*** Dataset content Section Begins ***

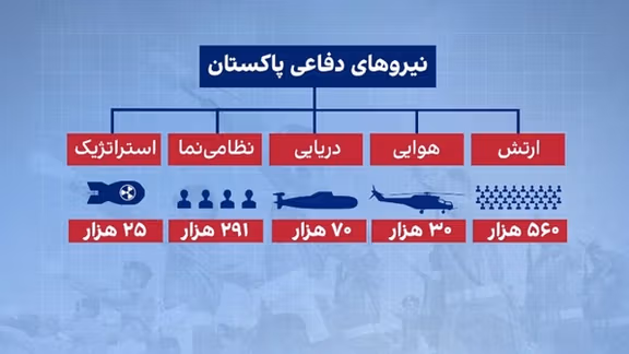 نیروهای دفاعی پاکستان به ۵ شاخه عمده تقسیم میشوند:
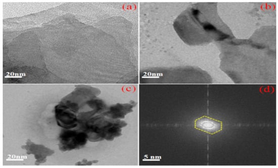 HR-TEM images of (a) PANI, (b) 2D MoSe2, (c) PANI@2D MoSe2, and (d) SAED pattern of PANI@2D-MoSe2 composite.
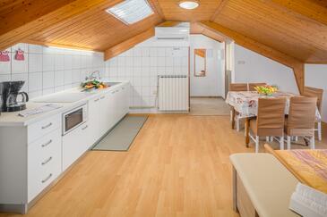 Az Apartman 4 főt tud fogadni. Az ágyak a/az 2 hálószobában vannak, melynek méretei 43m2. A forró nyári estéket a vendégek saját teraszukon élvezhetik. Az apartmanból tengerre néző kilátás nyílik. A szállásegységbe lehetséges háziállatot hozni felár ellenében. A lefoglalt szállásegység teraszán áthaladnak más vendégek, vagy a tulajdonosok.

*** Dataset content Section Ends ***

Reproduce everything above exactly, images excluded.

■ Exercise response ■
 نیروهای دفاعی پاکستان به ۵ شاخه عمده تقسیم میشوند:
 HR-TEM images of (a) PANI, (b) 2D MoSe2, (c) PANI@2D MoSe2, and (d) SAED pattern of PANI@2D-MoSe2 composite.
 Az Apartman 4 főt tud fogadni. Az ágyak a/az 2 hálószobában vannak, melynek méretei 43m2. A forró nyári estéket a vendégek saját teraszukon élvezhetik. Az apartmanból tengerre néző kilátás nyílik. A szállásegységbe lehetséges háziállatot hozni felár ellenében. A lefoglalt szállásegység teraszán áthaladnak más vendégek, vagy a tulajdonosok.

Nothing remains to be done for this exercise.